NDP hypocrisy a Jumbo thing

Kootenay Crust

By Ian Cobb

Op-Ed Commentary

Sometime last week I was mindlessly scrolling through my Facebook feed, sneering at the haters and scoffing at the simps who quiver behind pseudonyms, when I saw a story about old growth logging on Vancouver Island.

Now, we eastern British Columbians watch wide-eyed as our eminently wiser and better-practiced coastal kin flush crap into the ocean and force legislations on us that are designed solely to keep urban nitwits in check or happy. We watch our hard-earned wages disappear in clouds of farty gas as the shit weasels in Victoria concoct new ways to screw us all over with the goal of re-election towering stratospherically over serving the people.

Whenever our government veers left, we eastern British Columbians tend to be shoved aside as the urban-centric NDP sucks up to its base.

NDP supporters in our neck of the woods dig said party, oftentimes, because it purports to be the party of the environment. Vote NDP and all the big mean nasty industrial terror in the woods will go away.

The right loves to plunder nature and the left values it over revenue, so the story goes. While that tends to be more of a truism than not, I cannot help but call “BS” on the BC NDP.

Who remembers Clayoquot Sound? In extreme short, the Socreds stood by as MacMillan Bloedel went after old growth riches.

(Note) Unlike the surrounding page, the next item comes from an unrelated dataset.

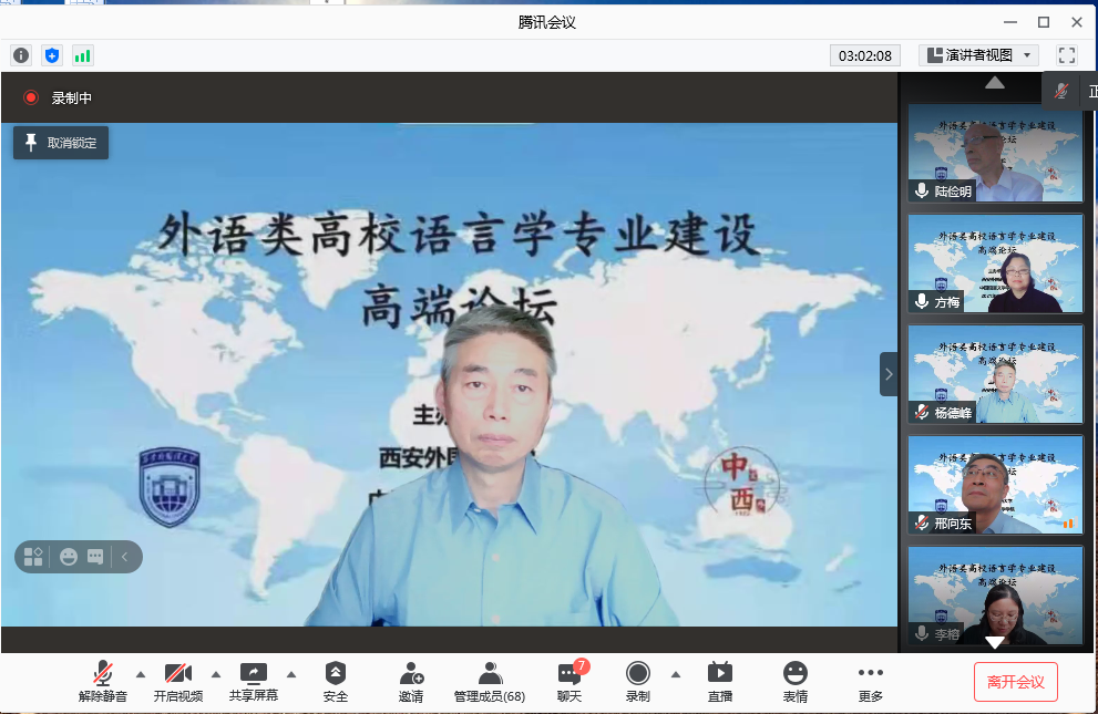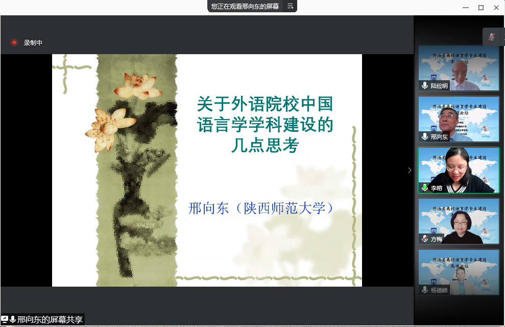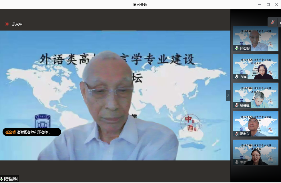 举办线上“外语类高校语言学专业建设高端论坛”。本次论坛邀请北京大学中文系教授陆俭明、中国社会科学院语言研究所研究员方梅、陕西师范大学文学院教授邢向东、北京大学对外汉语教育学院教授杨德峰出席论坛。av大平台

Some local residents and later folks from all over North America arrived to protest and blockade.

When the NDP took power in 1991 logging continued, as did protests. Did the NDP rush to Clayoquot Sound’s defence? Nope. Massive public protest, arrests and really crappy optics in terms of world-view of B.C. eventually pressured the NDP into forcing a massive scale-back of logging in old growth forests – by 1995/96. It took about five years for the NDP to do the right thing and yes, it did result in some wiser logging practices around the province (have to give them that) at a time when automation was halving mill workforces.

Another example of NDP hypocrisy when it comes to the environment was the Fast Ferry debacle, sticking with the theme that the NDP only looks after the Lower Mainland and Vancouver Island.

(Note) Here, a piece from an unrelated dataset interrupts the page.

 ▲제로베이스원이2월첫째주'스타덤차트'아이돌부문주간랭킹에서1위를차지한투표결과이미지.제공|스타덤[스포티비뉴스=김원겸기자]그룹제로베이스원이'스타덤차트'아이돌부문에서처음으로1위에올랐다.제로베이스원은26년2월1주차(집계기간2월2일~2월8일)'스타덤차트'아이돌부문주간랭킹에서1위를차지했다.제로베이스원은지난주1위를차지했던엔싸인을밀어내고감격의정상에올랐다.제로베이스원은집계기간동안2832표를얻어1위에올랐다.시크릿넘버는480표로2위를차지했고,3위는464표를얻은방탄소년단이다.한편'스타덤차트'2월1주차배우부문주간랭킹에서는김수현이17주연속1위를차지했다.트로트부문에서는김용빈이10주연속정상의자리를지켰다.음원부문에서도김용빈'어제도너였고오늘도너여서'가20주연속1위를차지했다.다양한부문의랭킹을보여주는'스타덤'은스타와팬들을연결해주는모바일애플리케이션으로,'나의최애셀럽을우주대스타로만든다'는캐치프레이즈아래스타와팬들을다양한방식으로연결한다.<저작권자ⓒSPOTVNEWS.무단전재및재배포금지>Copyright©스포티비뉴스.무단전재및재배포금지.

Fast ferries were going to be the bee’s knees. Stop thinking about building a bloody bridge and let’s boost our shipbuilding industry! Half a billion dollars later, with cash coming from pockets all over the province (from places that do not get the same turnaround support from the Lower Mainland), we had three ferries that were fast.

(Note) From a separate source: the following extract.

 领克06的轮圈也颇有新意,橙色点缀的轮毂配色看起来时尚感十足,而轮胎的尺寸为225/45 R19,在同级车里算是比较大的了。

Badly built and terrors on the shoreline and other shipping due to massive wakes (science, what a concept), the fuel-sucking beasts became one of the banes of Premier Glen Clark’s disastrous deck-stained reign.

The pieces of junk fouled the Strait of Georgia for only three years, with Premier Gordon Campbell’s Liberal government selling the lot for $19.4 million ($6.5 million a vessel) in 2003.

NDP hypocrisy showed its true colours again when Premier John Horgan flip-flopped on Site C to curry favour from dad (Green Party Leader Andrew Weaver).

No shock there as so-called big league politics is all about being a lying skunk; always has been.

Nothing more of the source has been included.